More than 800 people have died in south Sudan violence since January and almost 94,000 people fled their homes, posing a major challenge for the fledgling state, the top UN aid official for the region warned on Wednesday.
The nation in waiting has seen an upsurge in bloody clashes since January's largely peaceful referendum, in which southerners voted almost unanimously to split with the north.
The number of people displaced by violence has doubled in the past month to 93,780 people, according to figures released by Lise Grande, the UN humanitarian coordinator for Sudan.
"In the last month, if you have seen a doubling of the number of the people who are displaced, you have to be worried -- and we are," Grande told reporters in the southern regional capital Juba.

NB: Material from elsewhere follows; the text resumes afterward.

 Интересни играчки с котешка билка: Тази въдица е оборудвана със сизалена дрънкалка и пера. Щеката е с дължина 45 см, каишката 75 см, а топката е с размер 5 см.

There have been clashes between rebel groups and the southern army, and between rival ethnic groups over resources such as land and cattle, as well as sporadic attacks by rebels of the originally Ugandan-based Lord's Resistance Army, which has moved much of its operations into the south.
"We're worried that, with at least seven militias out there, with inter-communal (violence) continuing, and the LRA out in Western Equatoria, this is not a good picture," Grande said.

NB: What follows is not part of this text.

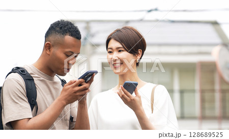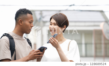 スマホを持って黒人男性に道案内する日本人女性

"If security continues to deteriorate as we have seen recently, then we are going to have to expect that we will see more and more people who will need emergency aid," she said.
The grim figures announced on Wednesday compare badly with 2010, when some 980 people were killed and 215,000 displaced during the whole year, according to UN figures.
Analysts have warned that security will pose a major challenge for the Juba authorities in the run-up to international recognition in July.
But Grande said she was still optimistic the fledgling state could pull together for its formal independence.
"The euphoria of being free, of being born into a new state, having your own republic, I think this will be a tremendously unifying time," the UN official said.
"What we hope is that spirit of unification carries forward, so we can get on with the business of... standing up a strong, transparent democratic state."